# Neuron Comparative Analysis

This is the official repo of our paper entitled ...

## Requirements

We don't have any additional requirements besides the requirements of NeuroX https://github.com/fdalvi/NeuroX

## Usage

### Step 1: preprocess the dataset

```bash
python preprocess_dataset.py --input_folder . --out_path data --words word.txt --labels label.txt --model_name_or_path bert-base-uncased
```

Customize your dataset to replace word.txt and label.txt. You data should satisfy the following format

word.txt

```
Rockwell International Corp. 's Tulsa unit said it signed a tentative agreement extending its contract with Boeing Co. to provide structural parts for Boeing 's 747 jetliners .
Rockwell said the agreement calls for it to supply 200 additional so-called shipsets for the planes .
These include , among other parts , each jetliner 's two major bulkheads , a pressure floor , torque box , fixed leading edges for the wings and an aft keel beam .
Under the existing contract , Rockwell said , it has already delivered 793 of the shipsets to Boeing .
Rockwell , based in El Segundo , Calif. , is an aerospace , electronics , automotive and graphics concern .
```

label.txt

```
NNP NNP NNP POS NNP NN VBD PRP VBD DT JJ NN VBG PRP$ NN IN NNP NNP TO VB JJ NNS IN NNP POS CD NNS .
NNP VBD DT NN VBZ IN PRP TO VB CD JJ JJ NNS IN DT NNS .
DT VBP , IN JJ NNS , DT NN POS CD JJ NNS , DT NN NN , NN NN , VBN VBG NNS IN DT NNS CC DT JJ NN NN .
IN DT VBG NN , NNP VBD , PRP VBZ RB VBN CD IN DT NNS TO NNP .
NNP , VBN IN NNP NNP , NNP , VBZ DT NN , NNS , JJ CC NNS NN .
```

This step will output the activations of your dataset, and split the activations dataset into train/dev/test set per tag. 

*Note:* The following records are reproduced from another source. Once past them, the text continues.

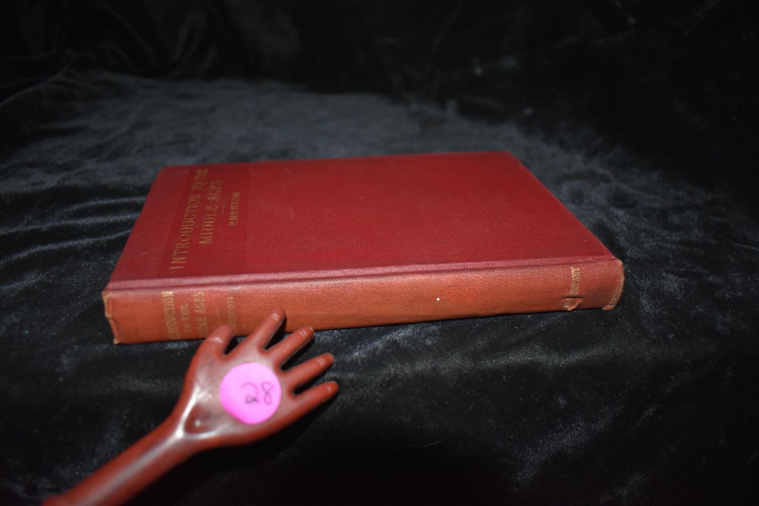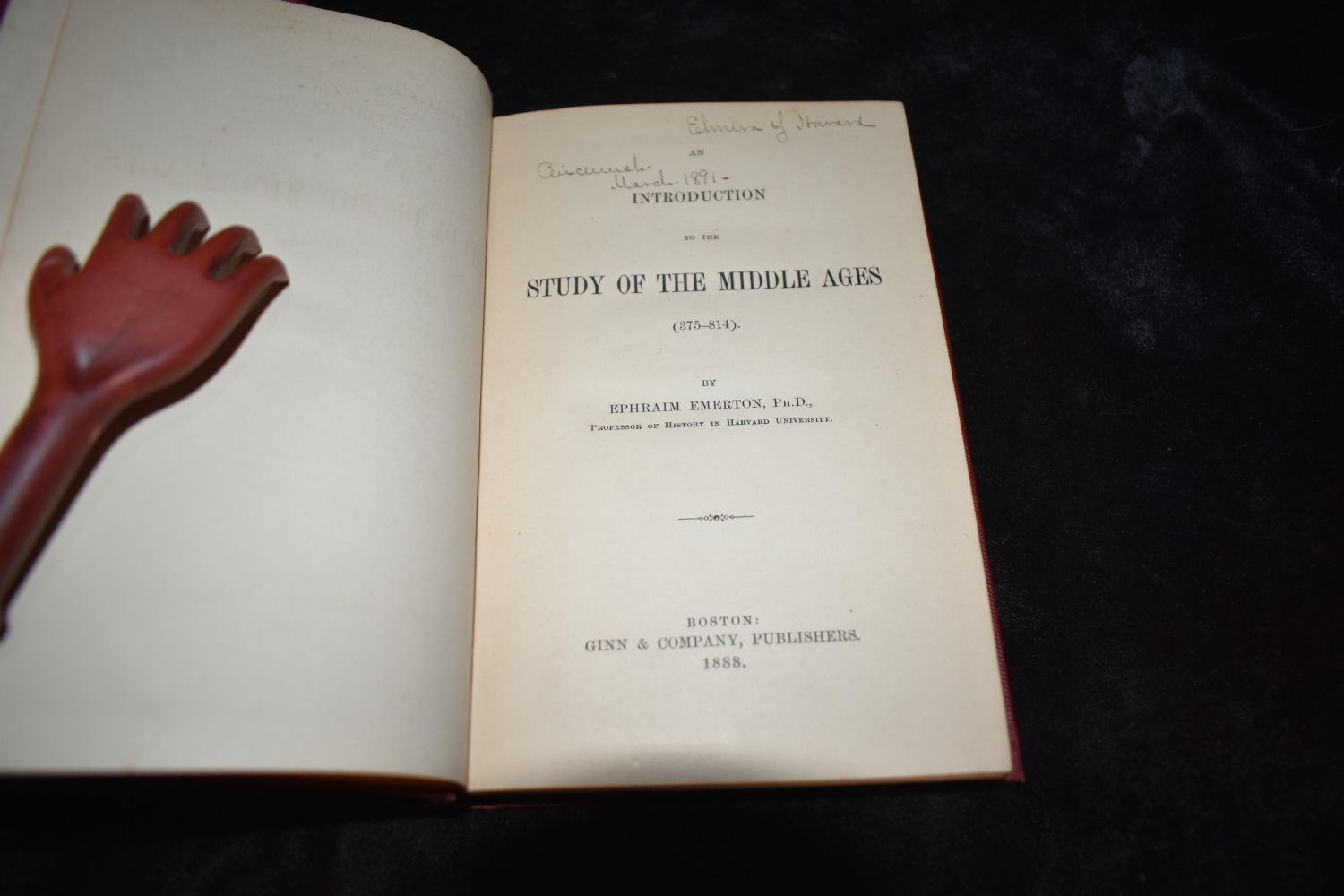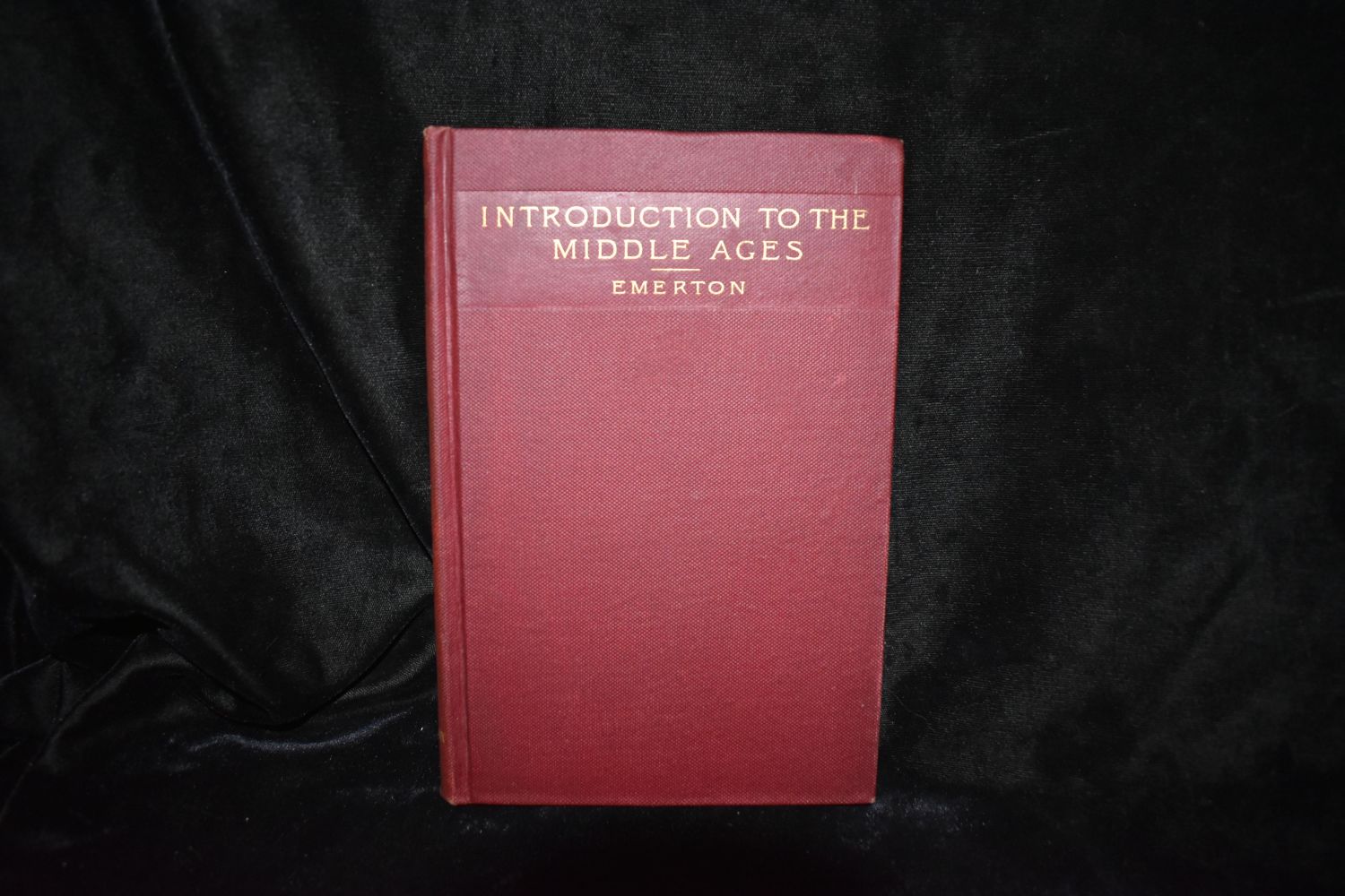 AN INTRODUCTION TO THE STUDY OF THE MIDDLE AGES (375-814) by Ephraim Emerton. Published by Ginn & Co., NY (1888). 1st Edition. Excellent condition. Has pencil notes inside the back cover by first owner. Publishers original red cloth hardback with gold gilt. 268 pgs 7 1/2" by 5"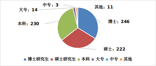 成果完成人学历以研究生为主,占总人次的比重为64.5%,其中博士研究生占研究生总数的52.6%;年龄以36-45岁为主,占总人次的比重为44.9%,较上年提高3.85个百分点;职称以副高级以上为主,占总人次的比重为66.8%,其中院士2人次。(见图5、6、7)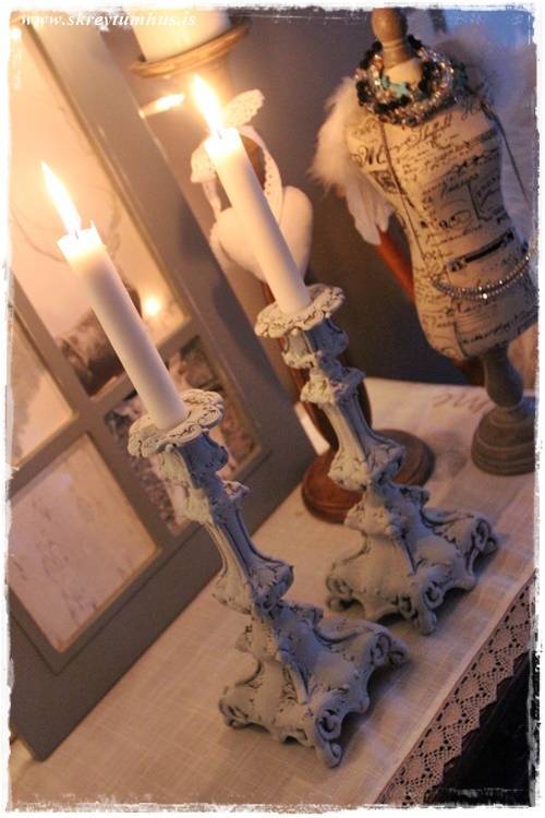 Hehe, sé þig fyrir mér með dagblað fyrir andlitinu (dagblaðið með tveimur götum fyrir augun) eða stóra pottaplöntu að elta grey konuna! 😉 En stjakarnir eru hrikalega flottir og ég er alveg að sjá þörfina á að kaupa mér kalkmálningu :p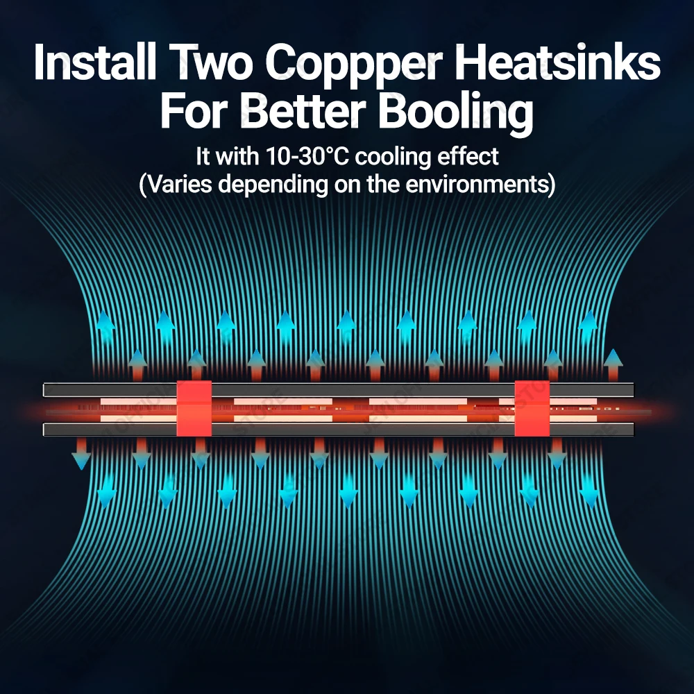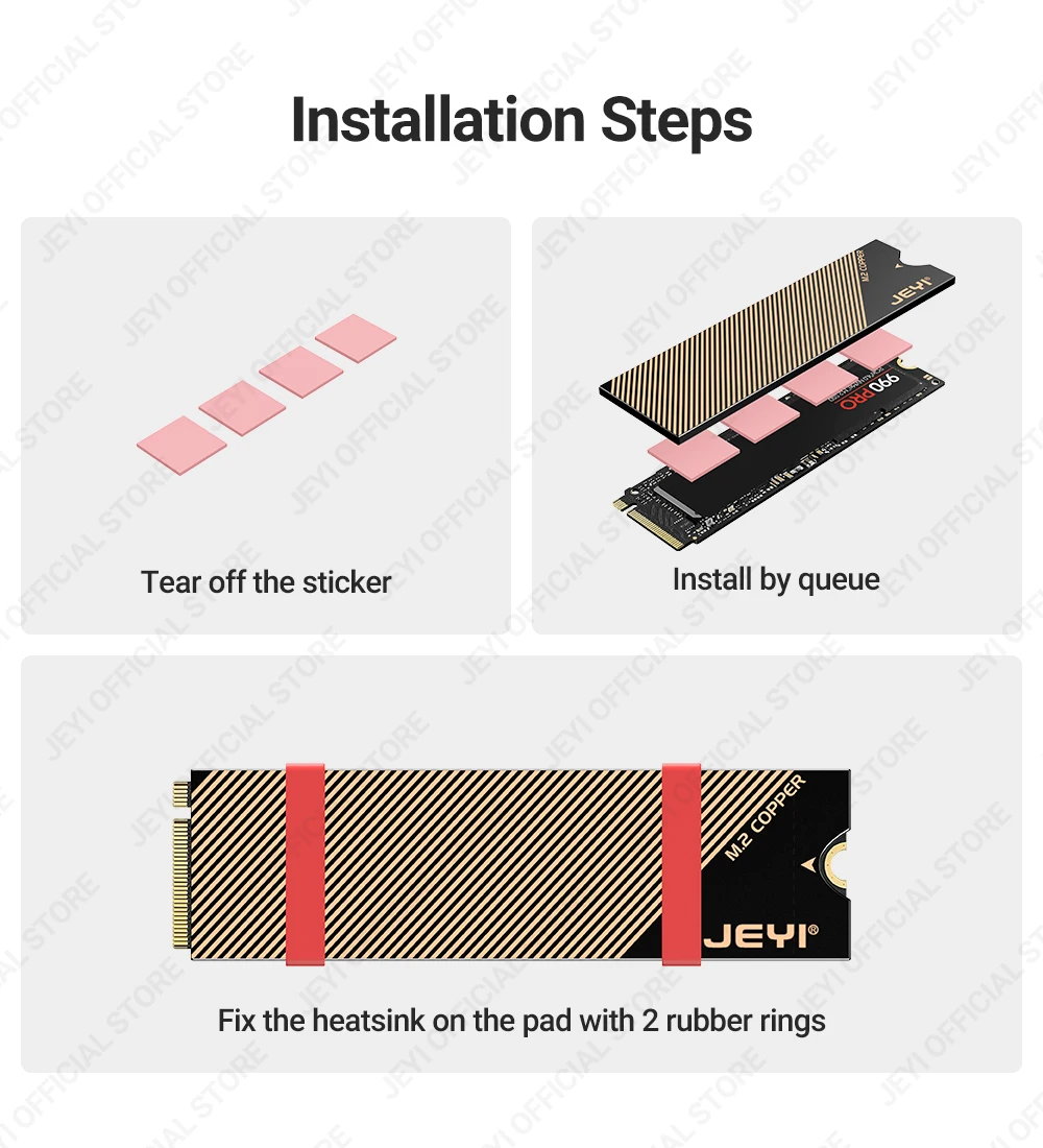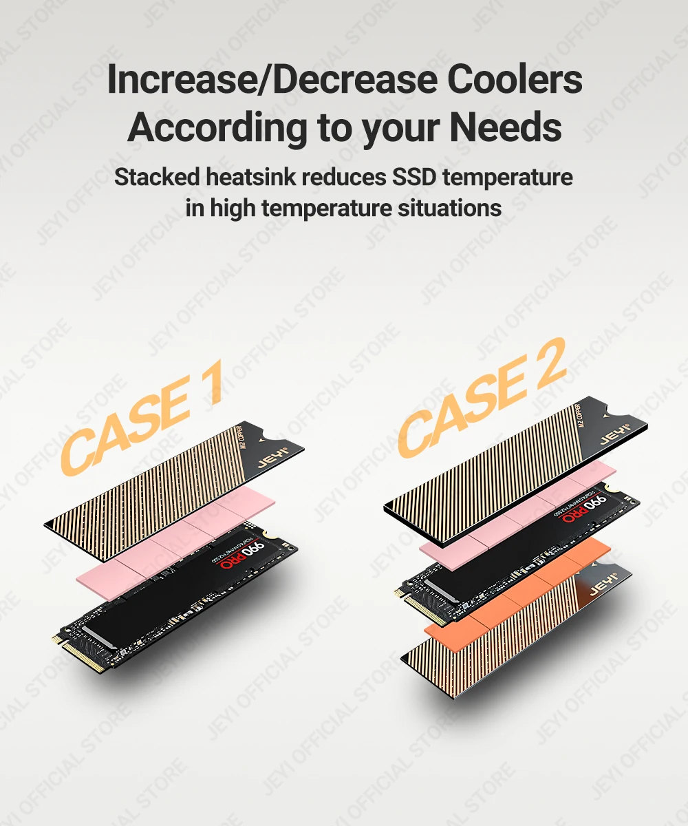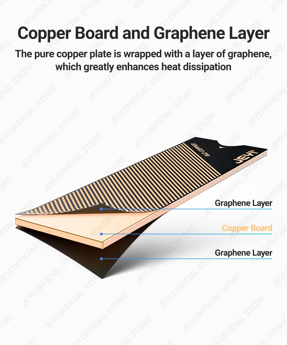 Los radiadores JEYI cuentan con cobre de alta pureza (401 W/mk) como material central, superando la conductividad térmica del aluminio puro (237 W/mk).Esto garantiza una transferencia de calor superior, manteniendo su SSD fresco incluso bajo cargas de trabajo pesadas.
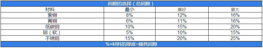 请参照下表选择模具间隙(表中数据为百分数)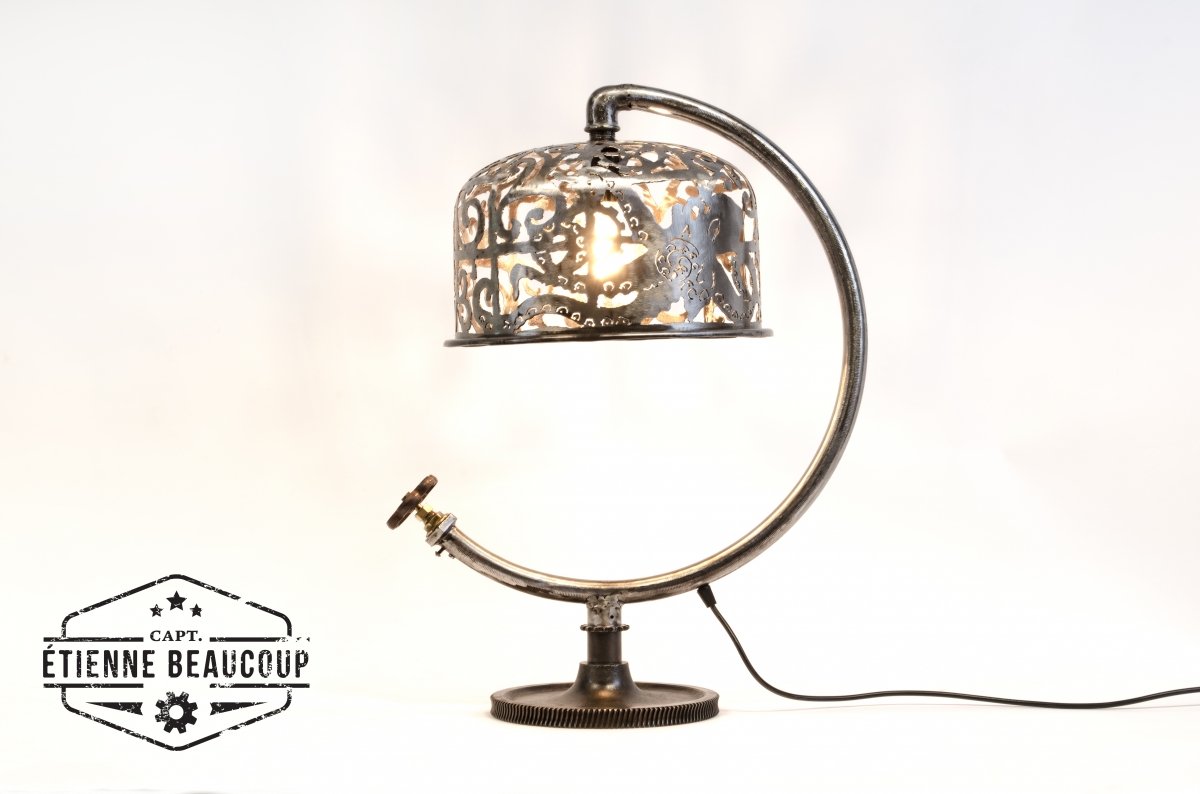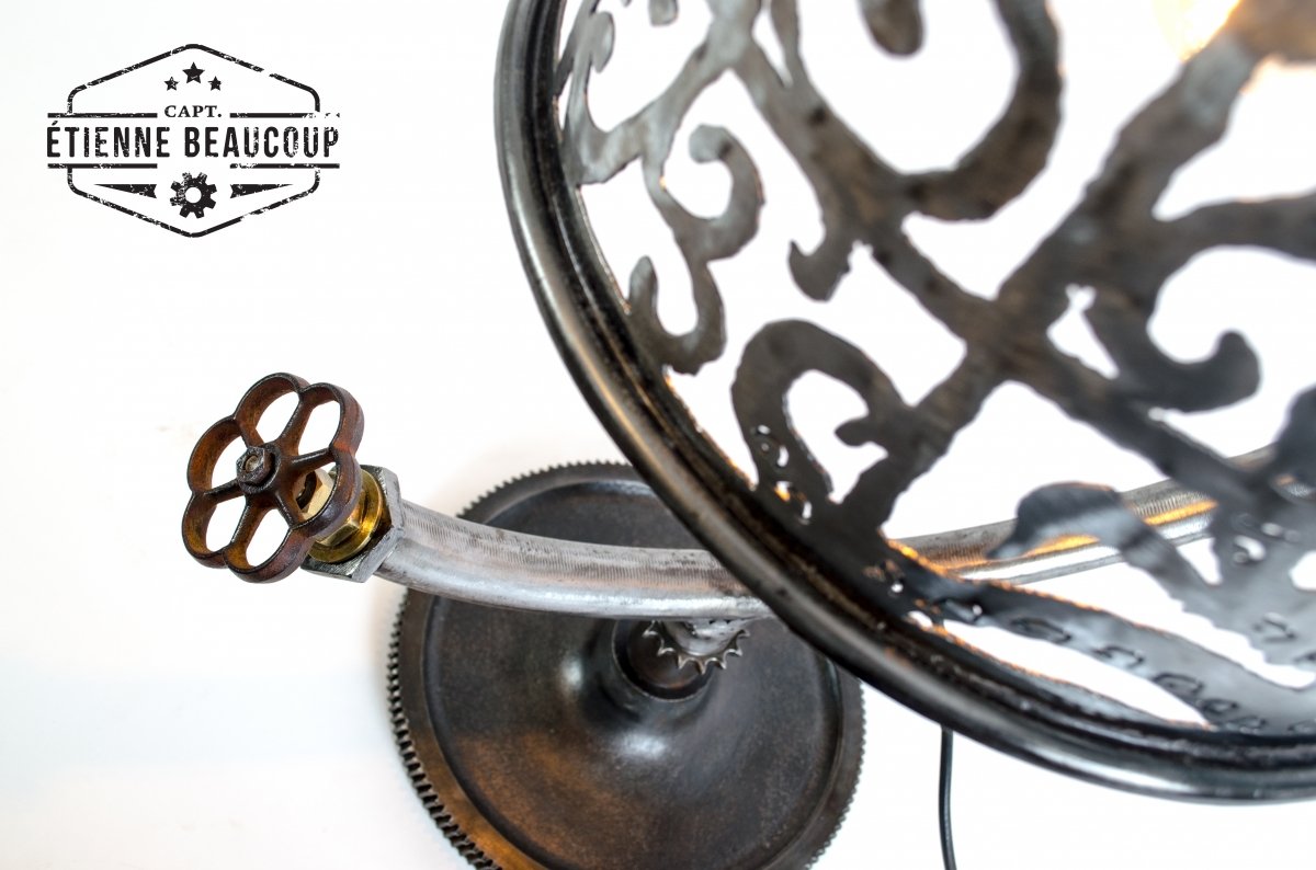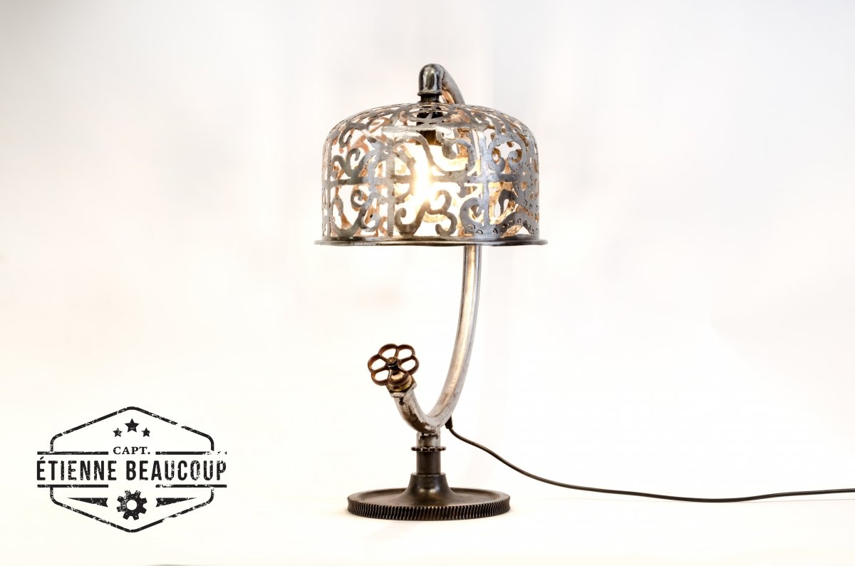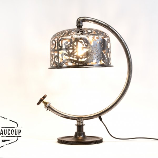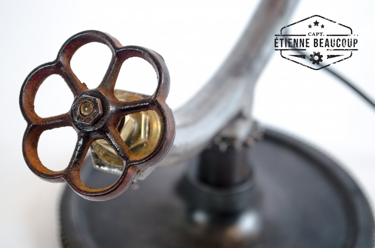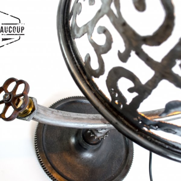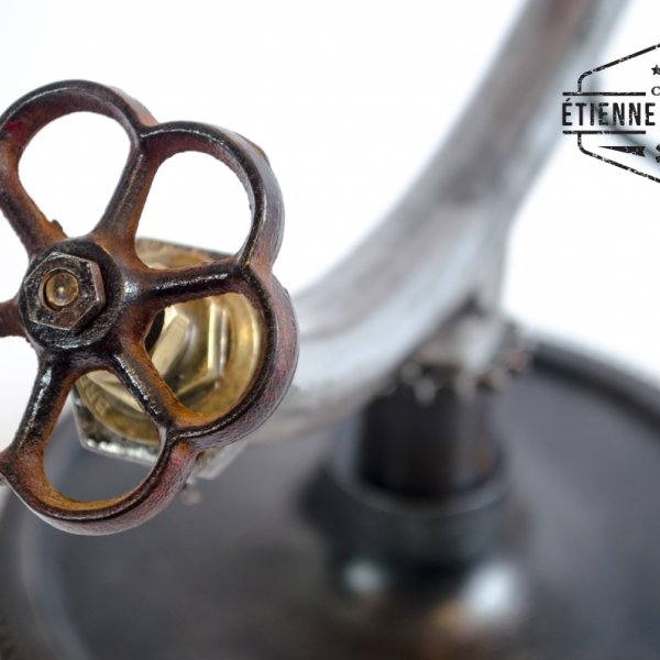 This new atmospheric lamp is made from an old curved heating tube and half of an old expansion tank. The water tap has been converted into a switch.

### Step 2: Extract Neurons

```bash
tags="VBG VBZ NNPS DT TO CD JJ PRP MD RB VBP VB NNS VBN POS IN NN CC NNP VBD"
settings="random Noreg Gaussian LCA Lasso-01 Ridge-01 Probeless Selectivity IoU"
layers="0 1 2 3 4 5 6 7 8 9 10 11 12"
for k in $layers;
do 
    for i in $tags;
    do
        for j in $settings;
        do  
        python extract_neurons.py --input_folder data --out_path neurons --setting $j --tag $i --layer $k ;  
        done
    done
done
```

This step extracts neurons for each method we discuss. You can customize the settings. Please note that running Gaussian method is slow.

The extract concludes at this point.